Every line from the first record below down to the line that includes "图2.(a)Ext负载PLG" must be reproduced exactly; the pictures are not.

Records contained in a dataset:
————————

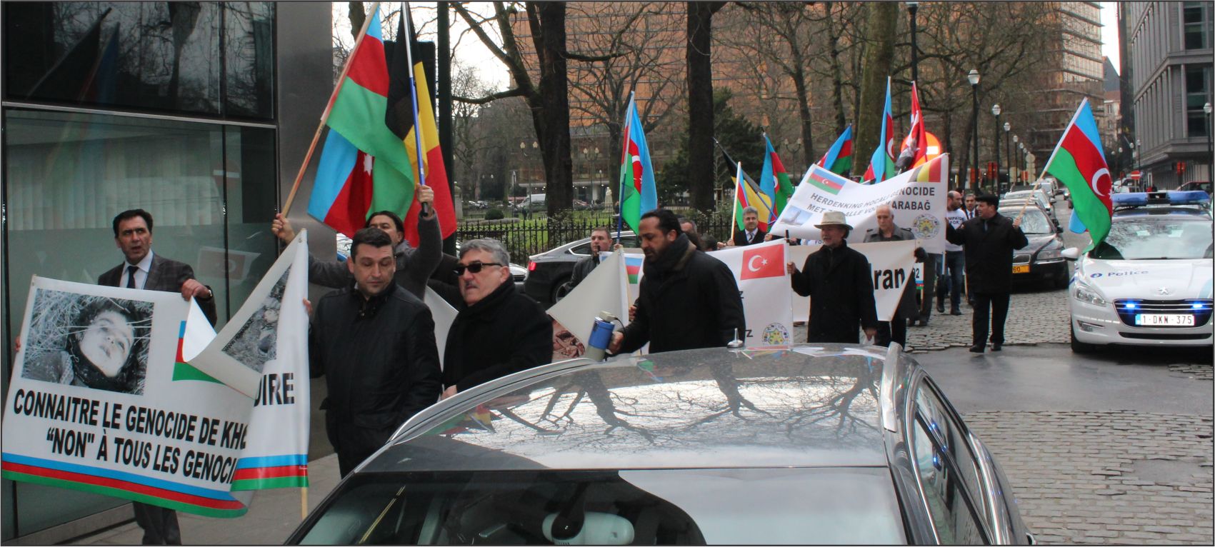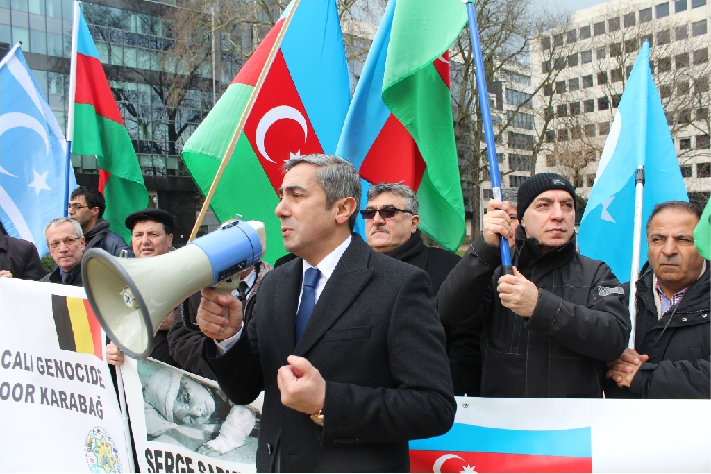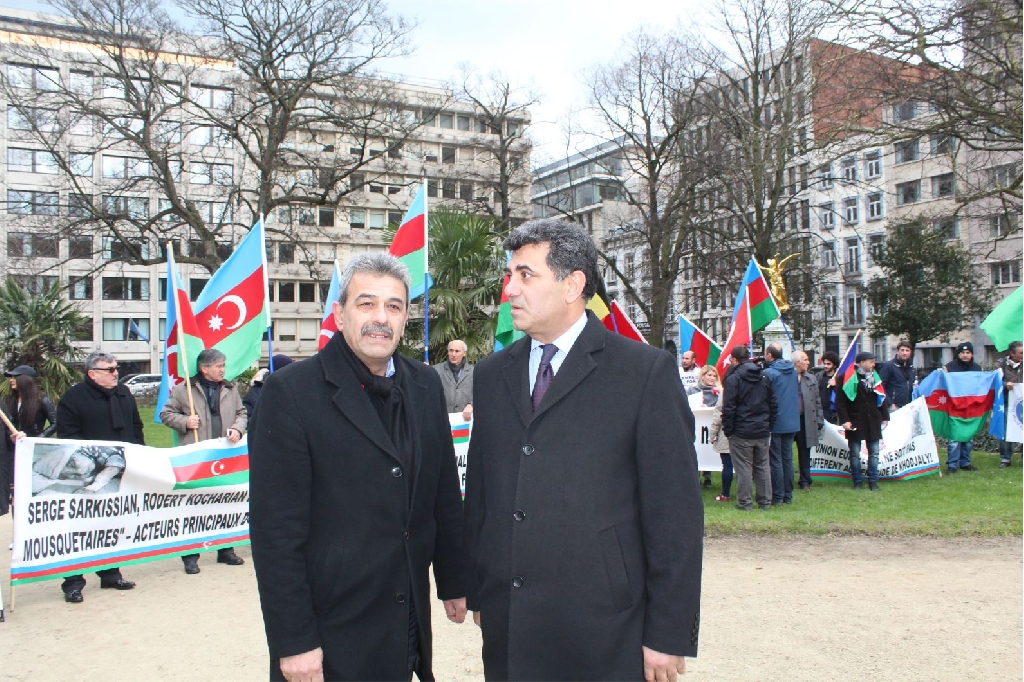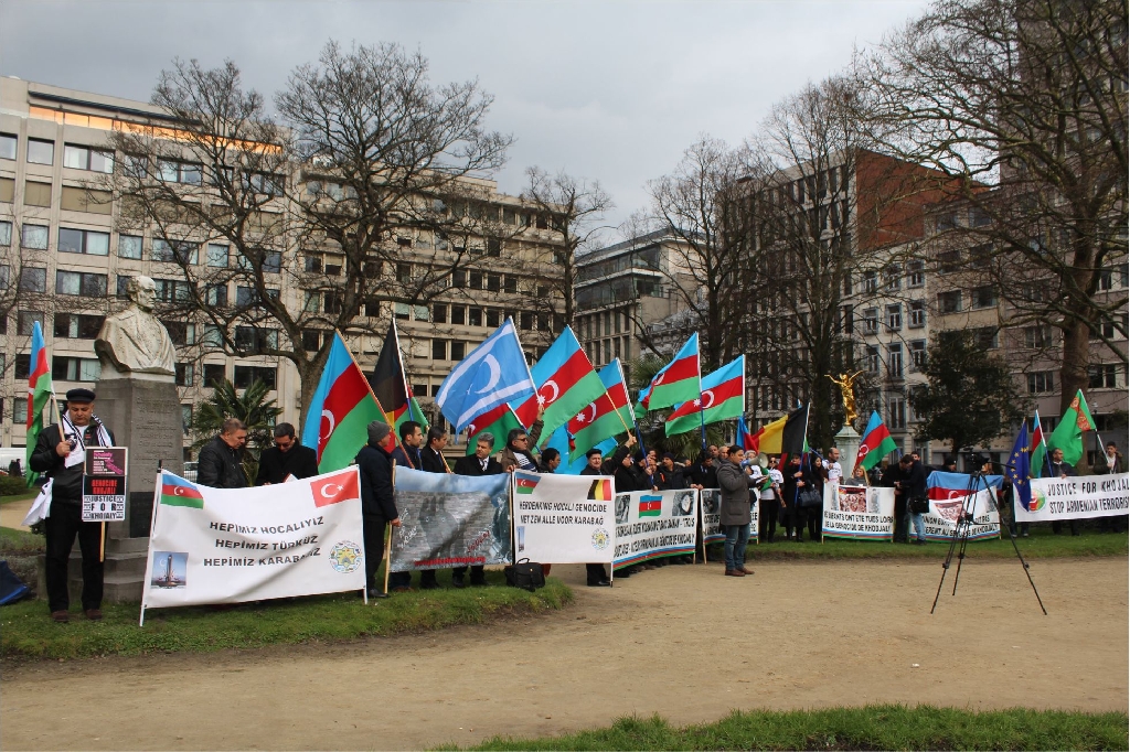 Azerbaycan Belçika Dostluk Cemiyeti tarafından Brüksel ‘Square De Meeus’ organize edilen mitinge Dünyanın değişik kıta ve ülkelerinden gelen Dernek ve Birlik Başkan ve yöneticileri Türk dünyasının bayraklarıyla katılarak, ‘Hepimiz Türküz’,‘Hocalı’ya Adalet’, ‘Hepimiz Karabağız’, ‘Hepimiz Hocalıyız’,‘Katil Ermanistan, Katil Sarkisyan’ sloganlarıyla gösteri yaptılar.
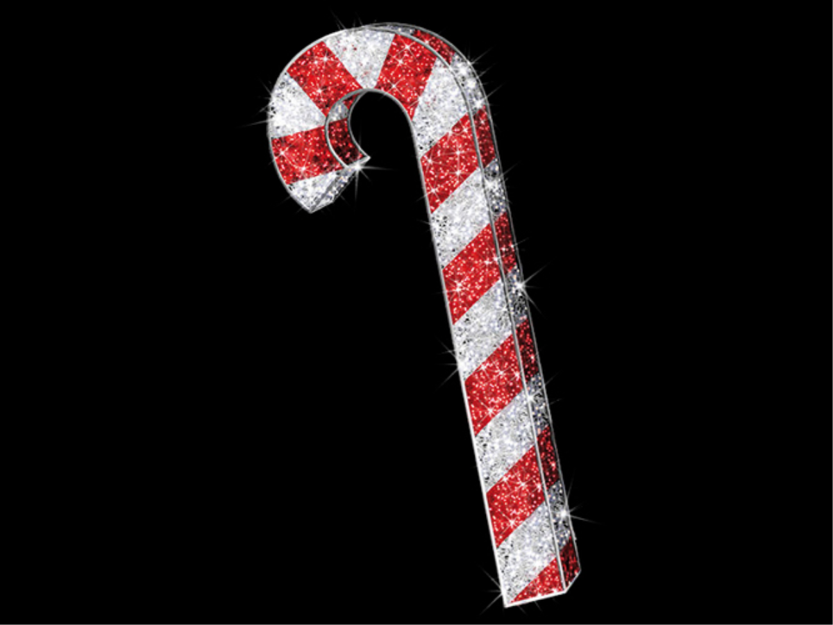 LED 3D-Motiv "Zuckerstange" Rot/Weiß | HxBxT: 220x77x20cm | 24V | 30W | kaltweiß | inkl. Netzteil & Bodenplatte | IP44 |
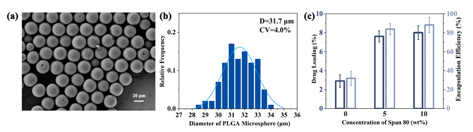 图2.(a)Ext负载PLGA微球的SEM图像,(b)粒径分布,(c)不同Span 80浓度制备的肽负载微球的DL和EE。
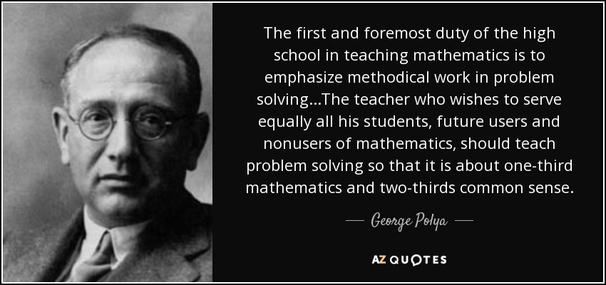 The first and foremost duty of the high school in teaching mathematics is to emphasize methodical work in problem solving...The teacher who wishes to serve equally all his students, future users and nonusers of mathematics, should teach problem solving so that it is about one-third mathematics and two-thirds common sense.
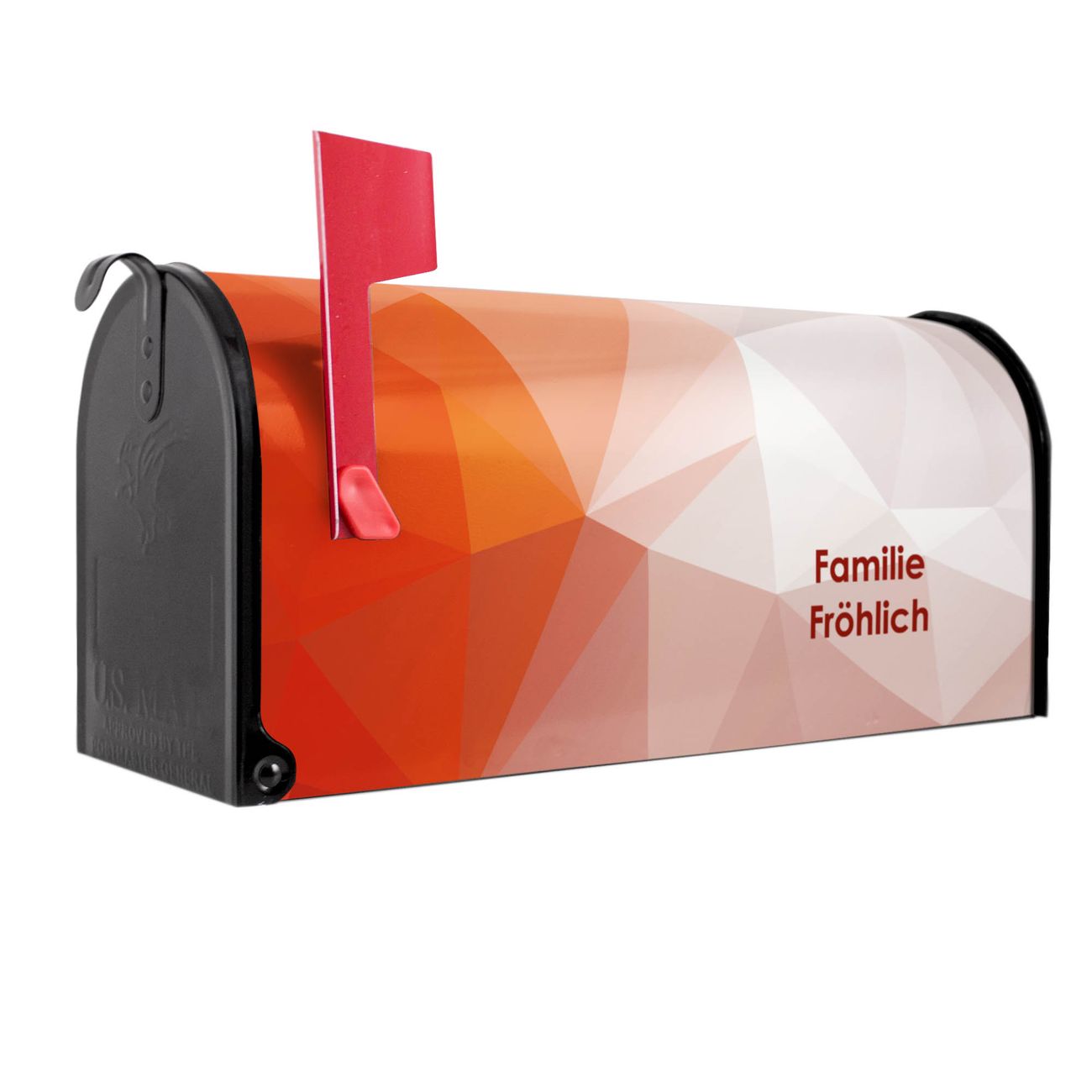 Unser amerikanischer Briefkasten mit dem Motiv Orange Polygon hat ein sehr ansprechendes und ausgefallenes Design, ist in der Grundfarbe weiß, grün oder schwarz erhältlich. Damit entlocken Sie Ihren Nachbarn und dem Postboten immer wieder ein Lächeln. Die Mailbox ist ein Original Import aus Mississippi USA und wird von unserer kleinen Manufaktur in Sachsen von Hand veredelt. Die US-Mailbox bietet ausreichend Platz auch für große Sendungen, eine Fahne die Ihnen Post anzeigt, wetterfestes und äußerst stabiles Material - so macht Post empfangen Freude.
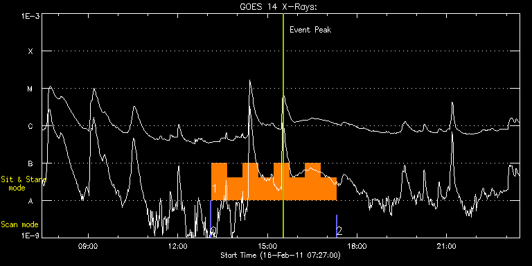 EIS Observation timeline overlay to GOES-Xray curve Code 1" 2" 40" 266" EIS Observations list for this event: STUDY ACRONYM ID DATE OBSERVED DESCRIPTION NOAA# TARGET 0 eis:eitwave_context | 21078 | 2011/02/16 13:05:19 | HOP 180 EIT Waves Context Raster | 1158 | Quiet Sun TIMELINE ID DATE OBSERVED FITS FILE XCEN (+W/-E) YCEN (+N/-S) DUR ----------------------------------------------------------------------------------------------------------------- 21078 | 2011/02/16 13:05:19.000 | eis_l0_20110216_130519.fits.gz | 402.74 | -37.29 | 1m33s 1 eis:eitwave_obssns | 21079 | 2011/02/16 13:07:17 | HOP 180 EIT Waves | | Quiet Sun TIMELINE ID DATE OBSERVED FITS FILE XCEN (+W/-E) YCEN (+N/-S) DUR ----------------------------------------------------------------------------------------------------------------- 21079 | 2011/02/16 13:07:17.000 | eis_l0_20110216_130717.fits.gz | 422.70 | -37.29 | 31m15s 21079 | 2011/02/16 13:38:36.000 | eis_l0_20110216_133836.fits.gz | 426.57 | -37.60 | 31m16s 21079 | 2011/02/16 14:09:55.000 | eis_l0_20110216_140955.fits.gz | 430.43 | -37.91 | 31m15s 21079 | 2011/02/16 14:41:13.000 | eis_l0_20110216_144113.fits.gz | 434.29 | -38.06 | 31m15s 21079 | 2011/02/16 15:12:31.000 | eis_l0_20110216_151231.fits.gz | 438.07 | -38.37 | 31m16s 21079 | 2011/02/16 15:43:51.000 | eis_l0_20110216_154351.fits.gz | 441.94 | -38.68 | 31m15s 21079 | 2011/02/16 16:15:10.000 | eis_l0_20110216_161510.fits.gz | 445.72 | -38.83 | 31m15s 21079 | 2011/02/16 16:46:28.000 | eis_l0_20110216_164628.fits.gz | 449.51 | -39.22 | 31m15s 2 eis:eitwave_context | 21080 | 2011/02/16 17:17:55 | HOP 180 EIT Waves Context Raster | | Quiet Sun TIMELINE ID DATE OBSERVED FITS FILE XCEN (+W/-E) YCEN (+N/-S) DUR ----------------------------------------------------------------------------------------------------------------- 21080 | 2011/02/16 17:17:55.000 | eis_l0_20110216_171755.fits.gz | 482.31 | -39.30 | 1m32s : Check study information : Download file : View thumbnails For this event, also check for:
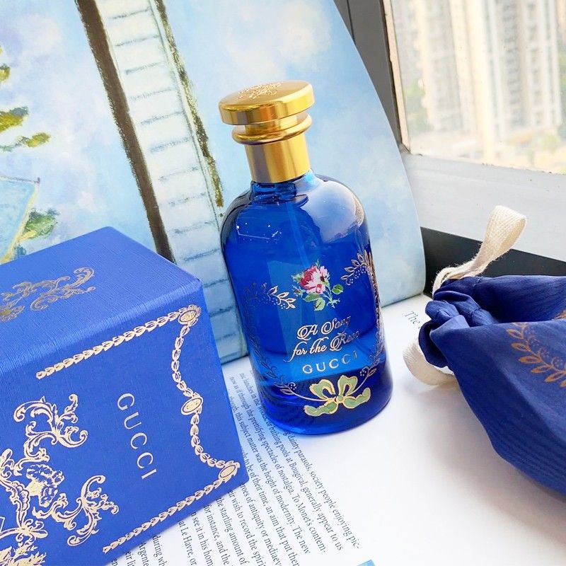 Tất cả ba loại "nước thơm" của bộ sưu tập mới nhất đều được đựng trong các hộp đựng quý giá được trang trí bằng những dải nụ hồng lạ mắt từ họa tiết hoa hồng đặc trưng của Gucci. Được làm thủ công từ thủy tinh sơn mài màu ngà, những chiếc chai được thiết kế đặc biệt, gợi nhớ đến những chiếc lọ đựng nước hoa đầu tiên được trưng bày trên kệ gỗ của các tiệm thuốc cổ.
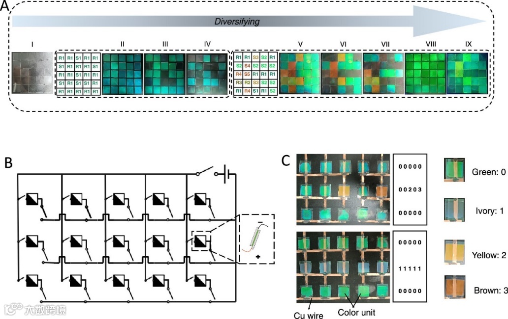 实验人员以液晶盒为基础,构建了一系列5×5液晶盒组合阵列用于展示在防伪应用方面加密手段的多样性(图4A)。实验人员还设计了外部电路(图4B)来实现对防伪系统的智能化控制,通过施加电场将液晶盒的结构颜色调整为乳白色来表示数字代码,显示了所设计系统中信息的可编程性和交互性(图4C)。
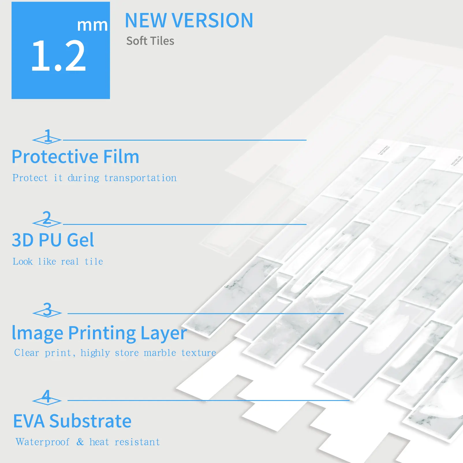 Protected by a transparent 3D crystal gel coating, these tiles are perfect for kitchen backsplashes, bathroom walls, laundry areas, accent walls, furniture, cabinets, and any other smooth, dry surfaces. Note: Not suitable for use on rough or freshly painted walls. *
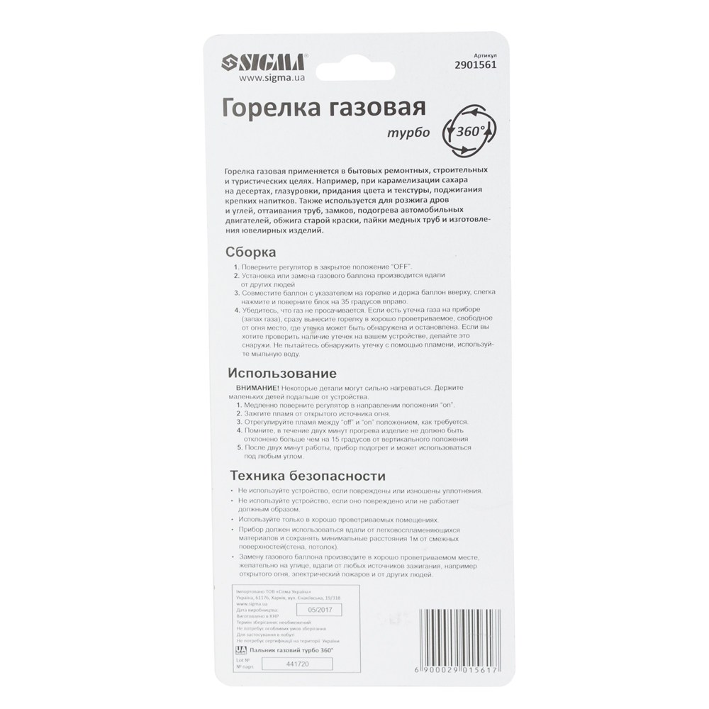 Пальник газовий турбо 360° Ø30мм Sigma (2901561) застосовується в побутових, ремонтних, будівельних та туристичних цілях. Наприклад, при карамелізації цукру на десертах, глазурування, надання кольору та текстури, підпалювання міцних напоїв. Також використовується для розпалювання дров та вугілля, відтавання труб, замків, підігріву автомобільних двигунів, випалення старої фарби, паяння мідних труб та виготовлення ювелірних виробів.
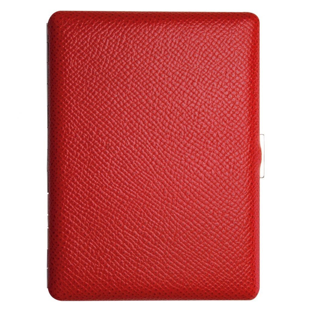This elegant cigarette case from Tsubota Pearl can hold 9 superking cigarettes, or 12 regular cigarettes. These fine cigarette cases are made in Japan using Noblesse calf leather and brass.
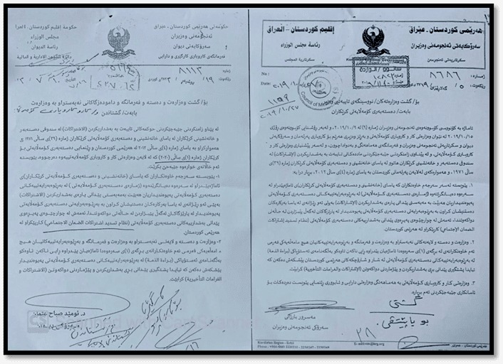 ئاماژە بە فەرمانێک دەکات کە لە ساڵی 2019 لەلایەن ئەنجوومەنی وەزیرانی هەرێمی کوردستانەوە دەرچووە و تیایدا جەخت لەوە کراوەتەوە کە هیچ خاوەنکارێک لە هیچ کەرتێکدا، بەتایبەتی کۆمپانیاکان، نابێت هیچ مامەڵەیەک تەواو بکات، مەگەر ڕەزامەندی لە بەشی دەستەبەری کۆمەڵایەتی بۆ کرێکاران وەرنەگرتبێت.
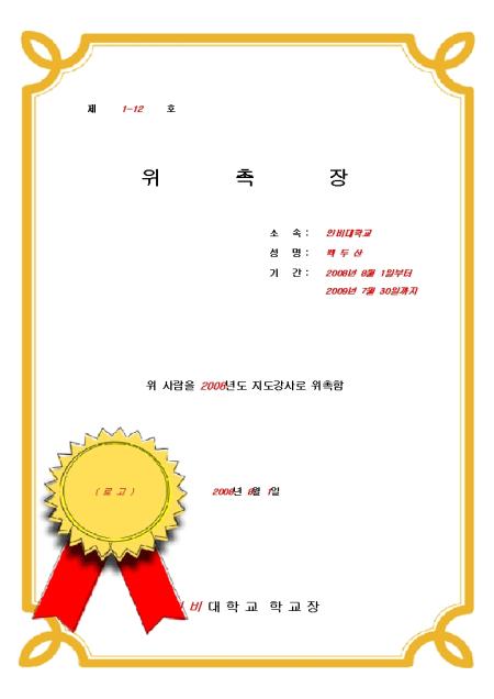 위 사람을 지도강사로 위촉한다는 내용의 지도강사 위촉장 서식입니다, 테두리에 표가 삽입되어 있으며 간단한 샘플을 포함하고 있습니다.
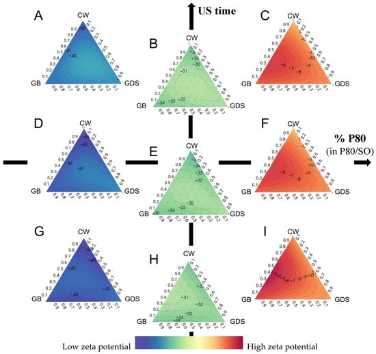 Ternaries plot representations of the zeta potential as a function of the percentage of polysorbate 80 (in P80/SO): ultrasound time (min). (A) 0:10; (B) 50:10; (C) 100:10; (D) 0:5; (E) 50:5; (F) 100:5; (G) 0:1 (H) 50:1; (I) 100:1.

————————

Result of this exercise:
 Azerbaycan Belçika Dostluk Cemiyeti tarafından Brüksel ‘Square De Meeus’ organize edilen mitinge Dünyanın değişik kıta ve ülkelerinden gelen Dernek ve Birlik Başkan ve yöneticileri Türk dünyasının bayraklarıyla katılarak, ‘Hepimiz Türküz’,‘Hocalı’ya Adalet’, ‘Hepimiz Karabağız’, ‘Hepimiz Hocalıyız’,‘Katil Ermanistan, Katil Sarkisyan’ sloganlarıyla gösteri yaptılar.
 LED 3D-Motiv "Zuckerstange" Rot/Weiß | HxBxT: 220x77x20cm | 24V | 30W | kaltweiß | inkl. Netzteil & Bodenplatte | IP44 |
 图2.(a)Ext负载PLGA微球的SEM图像,(b)粒径分布,(c)不同Span 80浓度制备的肽负载微球的DL和EE。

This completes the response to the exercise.